» What the exercise asks: Output all of the data below without changing a word, and exclude the pictures.
-- Record excerpts follows --
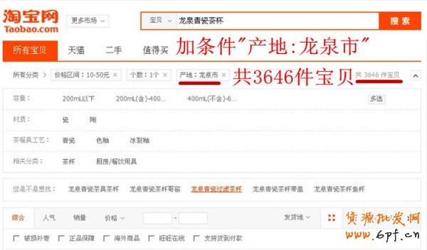 在淘寶首頁,搜索"龍泉青瓷茶杯",共發(fā)現(xiàn)1.42萬件寶貝,在新品沒銷量,排除下架時(shí)間的因素后,幾乎沒什么機(jī)會在首頁暴光!但是增加一點(diǎn)條件,會有意想不到的結(jié)果:
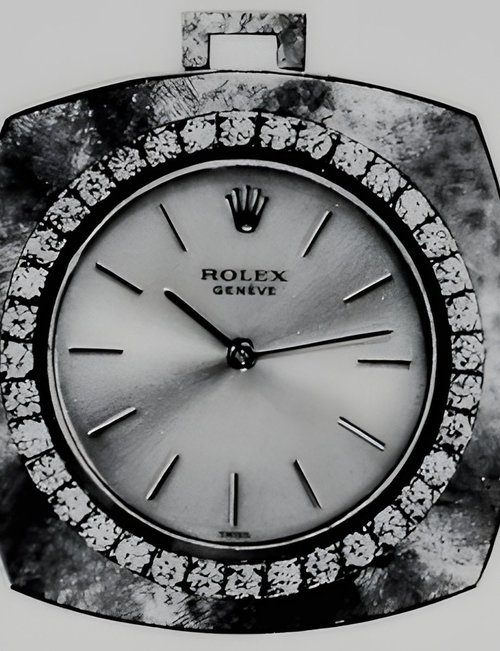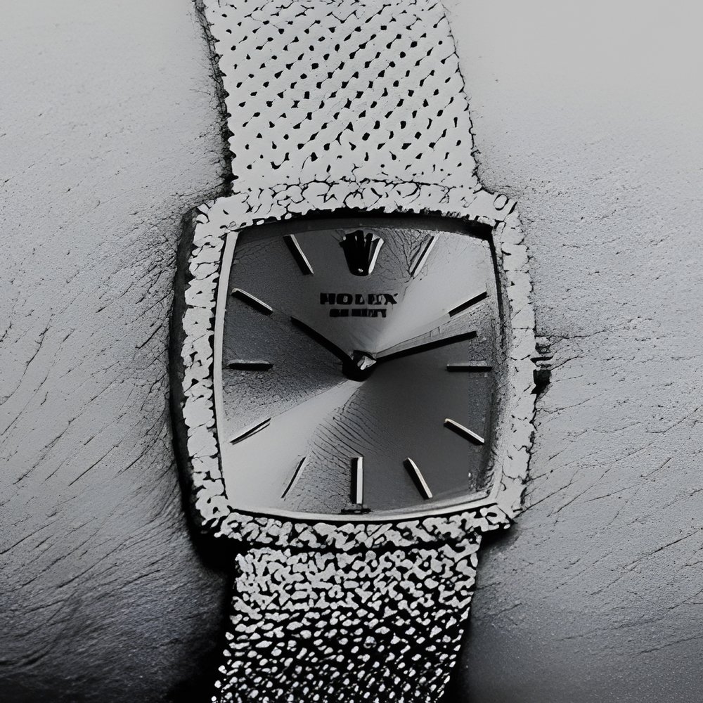 Today’s trend is to the large watch for ladies. This superb example in 1 8ct grey gold has a dial framed with diamonds. Note how the lines of the square case have been modified to give the new“soft look”. (ROLEX)
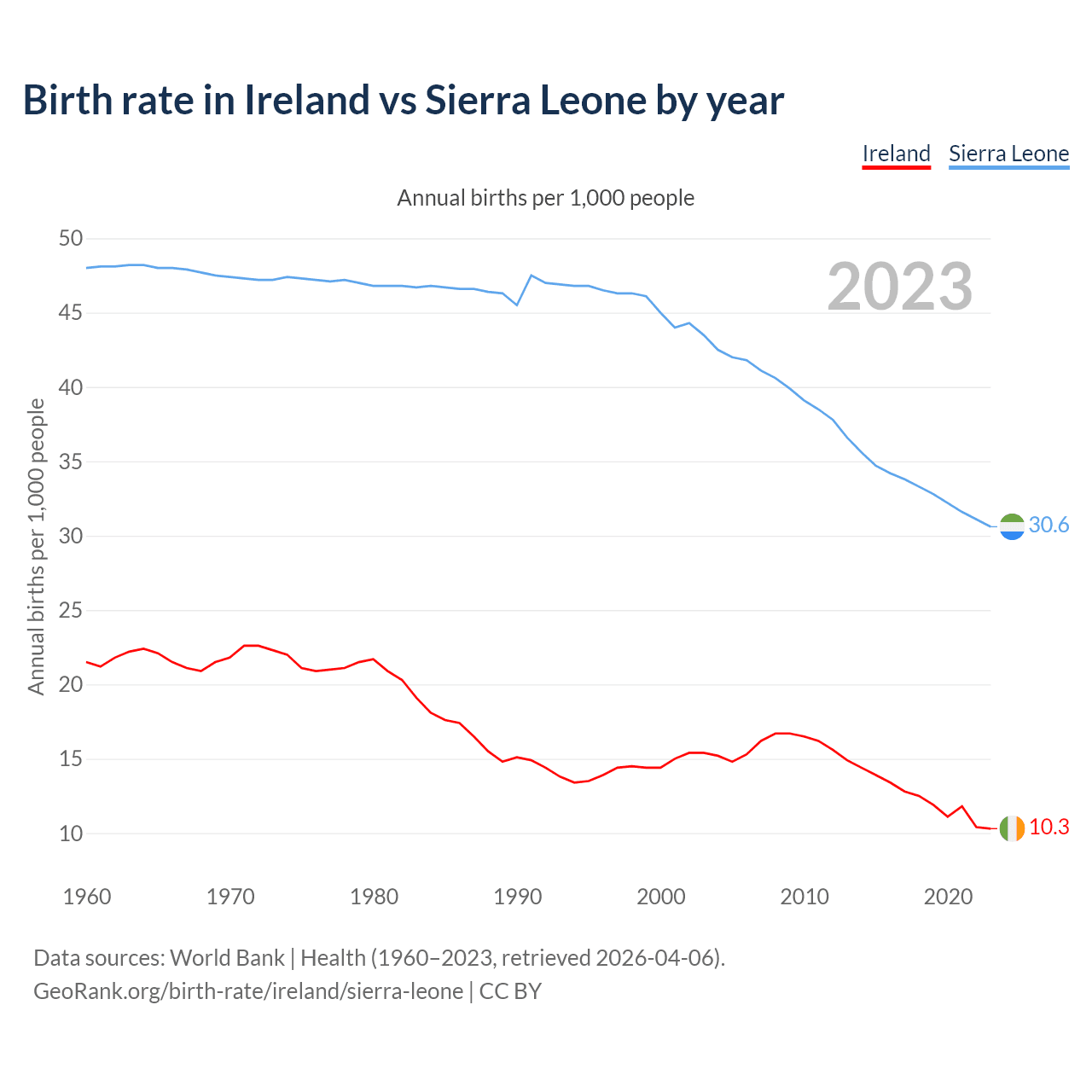 GeoRank.org/birth-rate/ireland/sierra-leone | CC BY
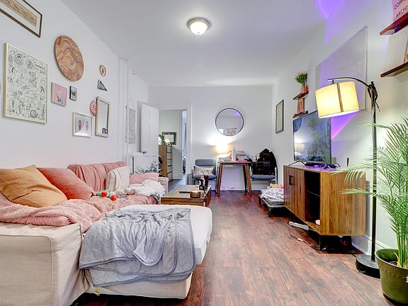 **OVERSIZED PRIVATE BACKYARD -2 BOXED BEDROOMS WITH PRIVATE ENTRANCE. -ONE OF THE BEDROOMS HAS AN ENSUITE ROOM THAT MAKES A PERFECT HOME OFFICE, THIS IS GREAT FOR THE RENTER THAT WORKS FROM HOME! DIMENSIONS: -Open Concept Living/Dining Room: MANY LAYOUT OPTIONS! 17.11ftx10.6ft -Bedroom One: Fits a KING and then some! 14.6ftX11.5ft -Ensuite Room (Bed One): 9.4ftX7.5ft w/ Closet -Bedroom Two: Fits a KING and then some! 11.11ftX10.5ft SURROUNDED BY PUBLIC TRANSPORTATION: - 11 Minute Walk to the Forest Ave/ M-Line - B13, B38, Q38, Q39, Q54, Q58, Q67 THIS IS A PERFECT FIRST FLOOR APARTMENT THAT IS NATURALLY FLOODED WITH SUNLIGHT. Layout offers many options for furniture. Hardwood Floors run throughout complimenting Renovated Kitchen. BOTH Bedrooms can EASILY fit a King Sized bed and then some! So get furniture happy! Small PET FRIENDLY! Renters are responsible for Cooking Gas and Electric. Located off Forest Ave, on a quiet block that is close to everything...CVS, Restaurants, Shopping, Laundry, churches, and more! ...oh yes, and Ridgewoods Pizza Shop "Rosa's Pizzeria"! Not too far from the Jackie Robinson Expressway. Looking for provable income and clean credit history. Pet Friendly. Renter ONLY PAYS ELECTRIC! M-M lease terms/ Rent guaranteed for 1 year. To Move In: 1st month + 1 month Security+ Fee (1 month) For Faster Response, Please Answer Questions 1-6 Below: 1) Who would the apartment be for ? 2) Why are you moving ? 3) Whats the annual combined provable income? 4) How is the Credit ? 5) Any Pets ? 6) When is your desired move in ? Looking for provable income and clean credit history. Pet Friendly. Renter ONLY PAYS ELECTRIC! M-M lease terms/ Rent guaranteed for 1 year. To Move In: 1st month + 1 month Security+ Fee (1 month)
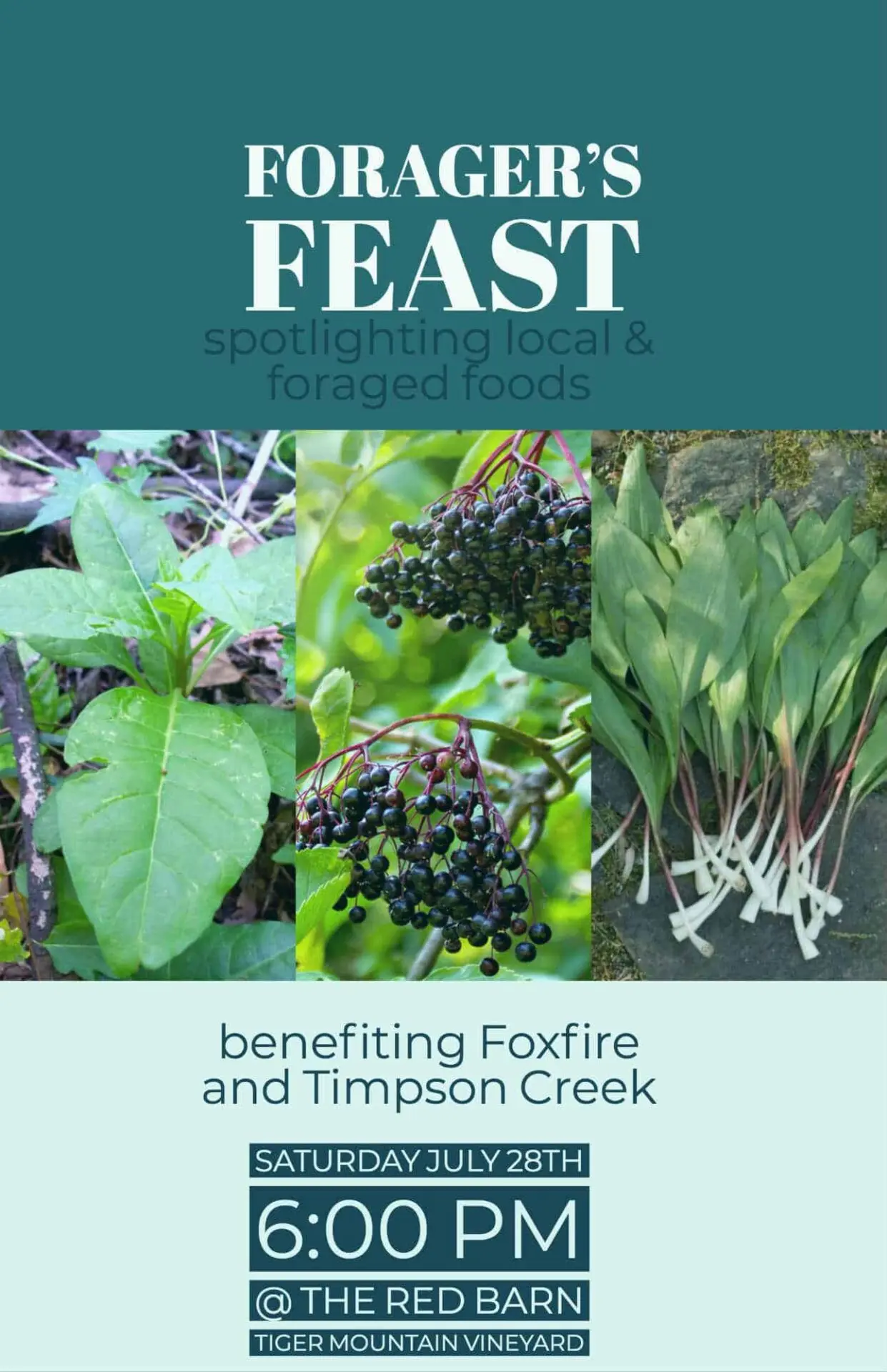 Join us for a dinner to benefit Foxfire and Timpson Creek Farm at Tiger Mountain Vineyard’s Red Barn. We have prepared an evening of tastes from Southern Appalachia. Leading this culinary journey are chef David Sweeny, wild foods experts Patricia Kyritsi Howell (BotanoLogos School of Herbal Studies) and Cara Lee Langston (Wildcraft Kitchen), and Darby Weaver, farm manager for Timpson Creek Farm. Throughout the evening, Foxfire educators and students will share images and interviews from its archives about wild foods and their role in Southern Appalachian. Foxfire and Timpson Creek Farm will share how they are collaborating to raise awareness about local foodways in order to revive and reclaim food traditions in the region.
-- Record excerpts concluded --
» Written response:
 在淘寶首頁,搜索"龍泉青瓷茶杯",共發(fā)現(xiàn)1.42萬件寶貝,在新品沒銷量,排除下架時(shí)間的因素后,幾乎沒什么機(jī)會在首頁暴光!但是增加一點(diǎn)條件,會有意想不到的結(jié)果:
 Today’s trend is to the large watch for ladies. This superb example in 1 8ct grey gold has a dial framed with diamonds. Note how the lines of the square case have been modified to give the new“soft look”. (ROLEX)
 GeoRank.org/birth-rate/ireland/sierra-leone | CC BY
 **OVERSIZED PRIVATE BACKYARD -2 BOXED BEDROOMS WITH PRIVATE ENTRANCE. -ONE OF THE BEDROOMS HAS AN ENSUITE ROOM THAT MAKES A PERFECT HOME OFFICE, THIS IS GREAT FOR THE RENTER THAT WORKS FROM HOME! DIMENSIONS: -Open Concept Living/Dining Room: MANY LAYOUT OPTIONS! 17.11ftx10.6ft -Bedroom One: Fits a KING and then some! 14.6ftX11.5ft -Ensuite Room (Bed One): 9.4ftX7.5ft w/ Closet -Bedroom Two: Fits a KING and then some! 11.11ftX10.5ft SURROUNDED BY PUBLIC TRANSPORTATION: - 11 Minute Walk to the Forest Ave/ M-Line - B13, B38, Q38, Q39, Q54, Q58, Q67 THIS IS A PERFECT FIRST FLOOR APARTMENT THAT IS NATURALLY FLOODED WITH SUNLIGHT. Layout offers many options for furniture. Hardwood Floors run throughout complimenting Renovated Kitchen. BOTH Bedrooms can EASILY fit a King Sized bed and then some! So get furniture happy! Small PET FRIENDLY! Renters are responsible for Cooking Gas and Electric. Located off Forest Ave, on a quiet block that is close to everything...CVS, Restaurants, Shopping, Laundry, churches, and more! ...oh yes, and Ridgewoods Pizza Shop "Rosa's Pizzeria"! Not too far from the Jackie Robinson Expressway. Looking for provable income and clean credit history. Pet Friendly. Renter ONLY PAYS ELECTRIC! M-M lease terms/ Rent guaranteed for 1 year. To Move In: 1st month + 1 month Security+ Fee (1 month) For Faster Response, Please Answer Questions 1-6 Below: 1) Who would the apartment be for ? 2) Why are you moving ? 3) Whats the annual combined provable income? 4) How is the Credit ? 5) Any Pets ? 6) When is your desired move in ? Looking for provable income and clean credit history. Pet Friendly. Renter ONLY PAYS ELECTRIC! M-M lease terms/ Rent guaranteed for 1 year. To Move In: 1st month + 1 month Security+ Fee (1 month)
 Join us for a dinner to benefit Foxfire and Timpson Creek Farm at Tiger Mountain Vineyard’s Red Barn. We have prepared an evening of tastes from Southern Appalachia. Leading this culinary journey are chef David Sweeny, wild foods experts Patricia Kyritsi Howell (BotanoLogos School of Herbal Studies) and Cara Lee Langston (Wildcraft Kitchen), and Darby Weaver, farm manager for Timpson Creek Farm. Throughout the evening, Foxfire educators and students will share images and interviews from its archives about wild foods and their role in Southern Appalachian. Foxfire and Timpson Creek Farm will share how they are collaborating to raise awareness about local foodways in order to revive and reclaim food traditions in the region.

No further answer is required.